Switch between Recovery and Engagement

Image Credit: Pexels

Oscillating between focus and recovery helps keep them independent and distinct in our gray matter, enhancing their efficiency and further helping us influence them.

Let’s say you have an important deadline, so you have to work through the evening. You kid is fretting in the next room, grudging to take a bath, and yelling at your spouse. You feel a spurt of stress hormones, and before you could figure it out, you’ve gotten off from your chair and ranted at them.

Later, as your body calms (and after you’ve apologized), you’d realize that you were reacting to your deadline, not your kid.

While you should always utilize the time right after stress activates to reflect and contemplate new behaviors, conscious shifts between rest and work will help you transition more conveniently between productive recovery and productive focus.

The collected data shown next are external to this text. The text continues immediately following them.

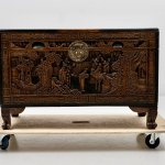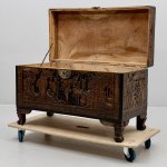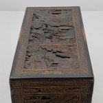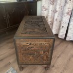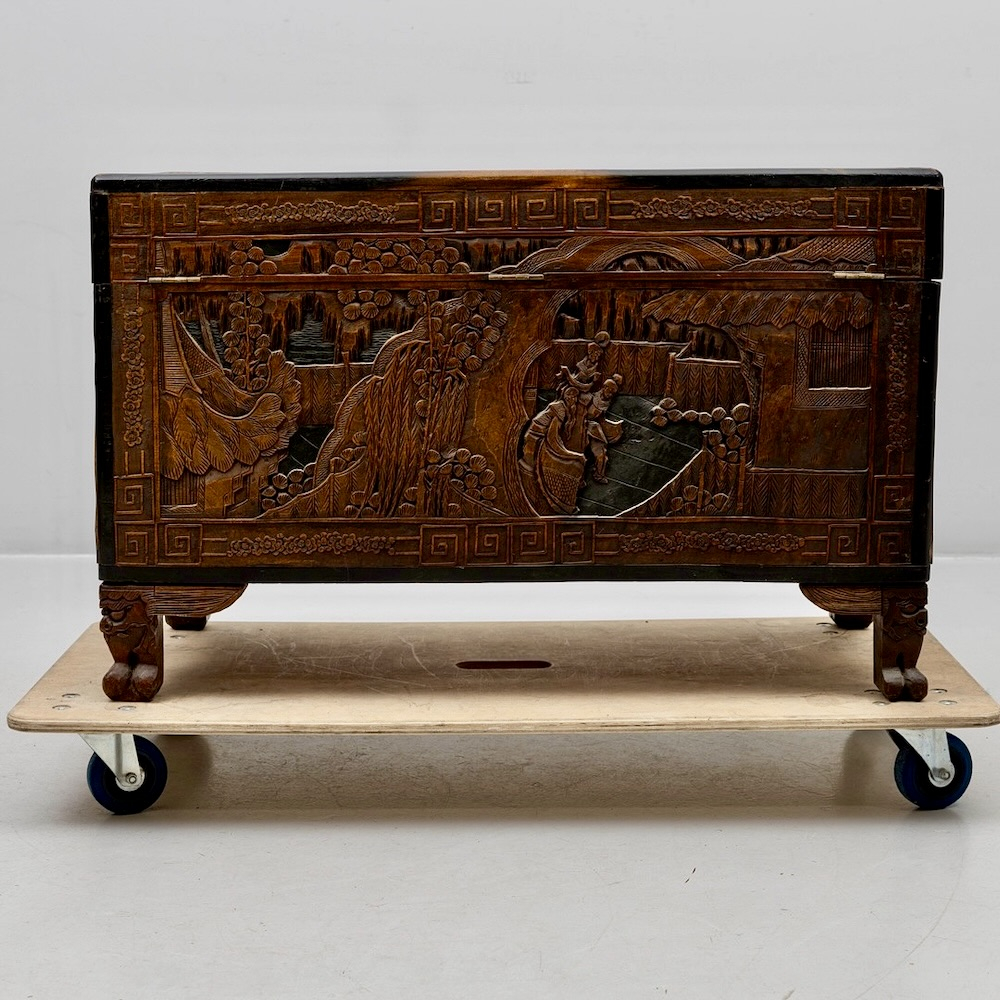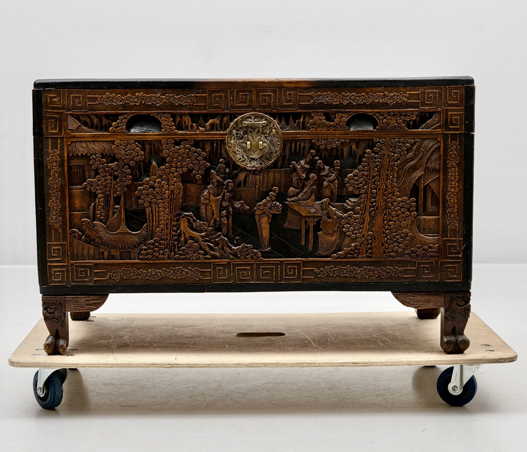 Антикварный китайский резной деревянный сундук из камфорного дерева, начало XX века., полностью ручная работа, массив, резная отделка с изображением садовых сцен, цветочных гирлянд и бордюра. Изготовленный из камфорного дерева, известного своей прочностью и устойчивостью к вредителям, он не только отличается потрясающим мастерством, но и сохраняет свои природные ароматические свойства. Детальная резьба с традиционными китайскими мотивами несомненно добавит изысканность и оригинальность в интерьер
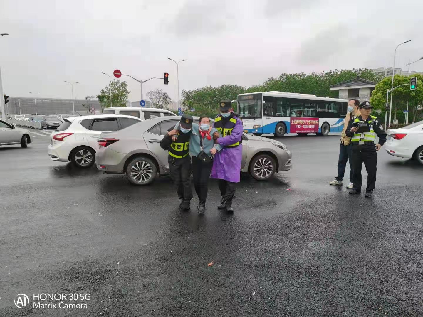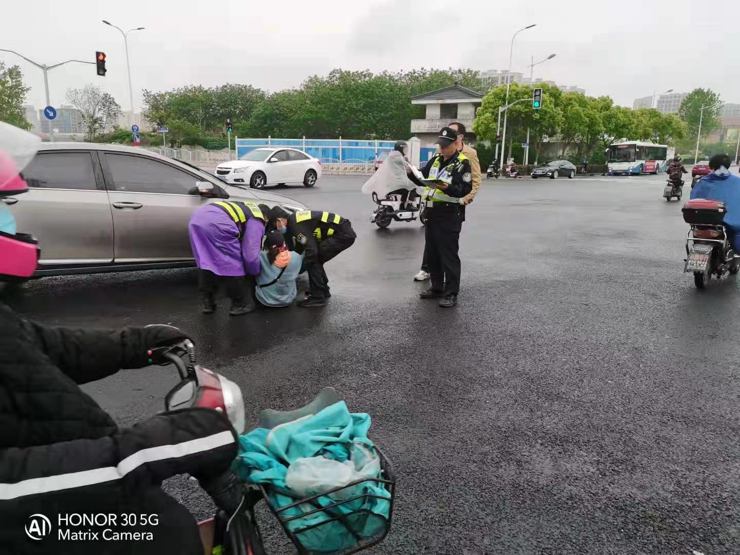 當天8:02,彭勇、李來者在周園路繁榮東路路口巡邏時,在路口遇到一起交通事故,一輛小汽車將一輛電動車撞翻,一女子倒在路口中央,車主被嚇得站在一旁不知所措。兩人趕緊上前詢問傷者情況,被告知暫無大礙后,便扶其到路邊安全地帶。
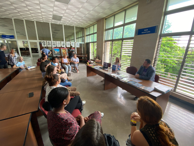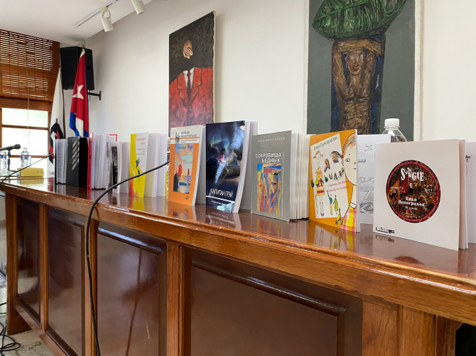 В рамках проекта «Книжная полка русской литературы» российские гости побывали в Кубинском Союзе писателей и художников UNEAC. Председатель Мурманского отделения Союза писателей России Илья Виноградов подарил его президенту Марте Боннет де ла Круз кружку с северным сиянием и антологию современной поэзии России и 14 стран Латинской Америки «Солнечный ветер».
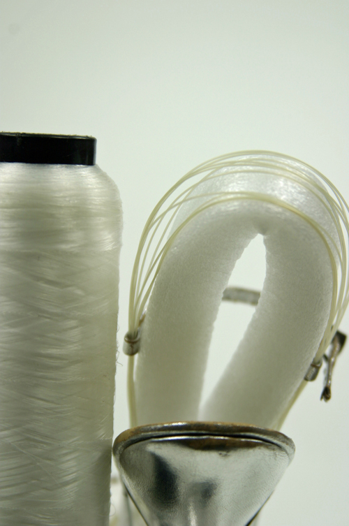 Yellowed nylon (above) and PVC straps (below).I’ve photographed the nylon besides a roll of new nylon monofilament to show how yellowed the straps have become with age.
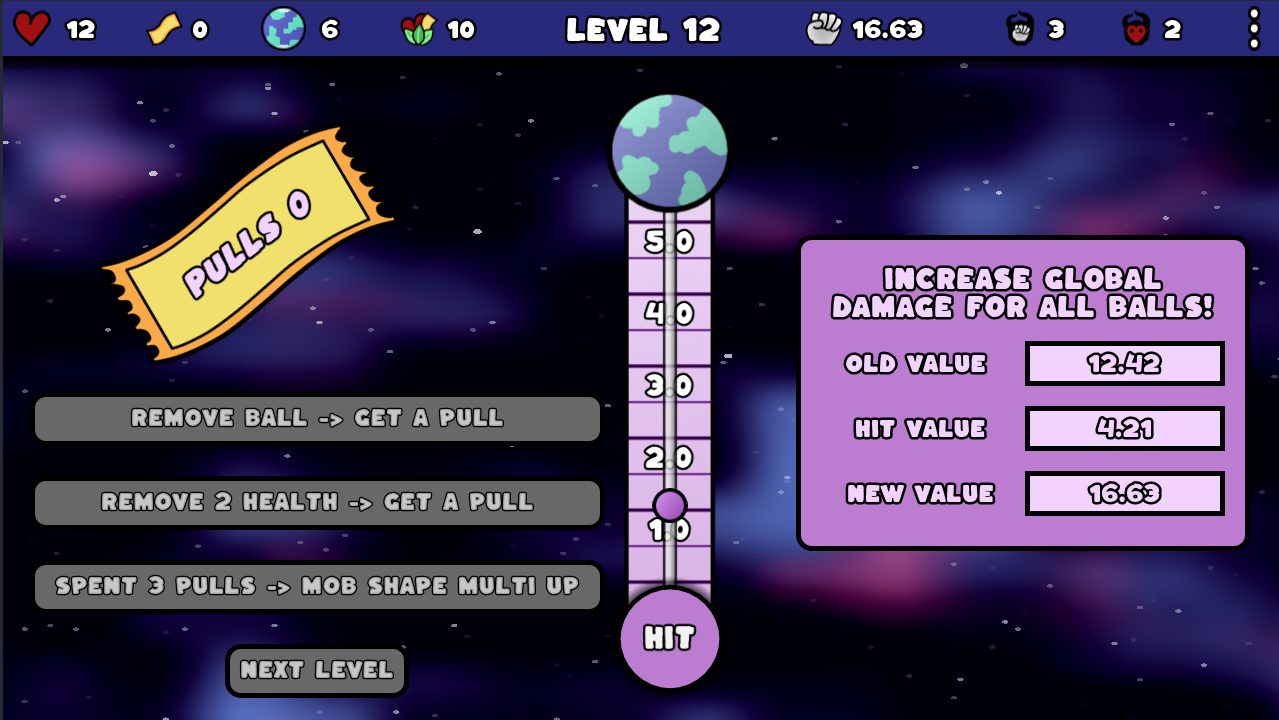 maybe you could add a dropshadow/an outline on the powerups/pulls in the levels, because it's a bit easy to miss them, tho that could be a good thing, since you have to be observant to collect them

For instance, try the following exercises:

  • Stick to a Preset Work Plan: Even though you can extend your working hours, don’t make it a rule. Set the alarm or catch up with a friend for a fixed after-work conversation every day to mark the workday’s end. The added connectedness will benefit both sides.
  • Walk to Work: Simulate your morning travel with a brief walk to exercise your body and groom your mind. Carry a go-to drink, walk around the building, or see where 1,000 steps on your fitness app take you.
  • Perform an End-of-day Ritual: If you have a home office, leave it and shut the door when you’re done for the day. Chalk a clear line between “work” and “no work.” If you’re space-bound, pack up your workstation equipment and reconvert your temp office into your regular home space so that you’re less bothered about work in the evening — and less induced to return to it. Make this a ritual. Furthermore, take another stroll to mimic your commute, just like you did as the day kicked off.

Connecting the Dots

Stress offers us the mental focus and physical energy to respond to critical situations. Stress isn’t bad per se but managed poorly, leads to wide-ranging adversaries. By rethinking how we perceive stress and optimizing instead of minimizing it, we can turn stress into growth, learning, and better performance.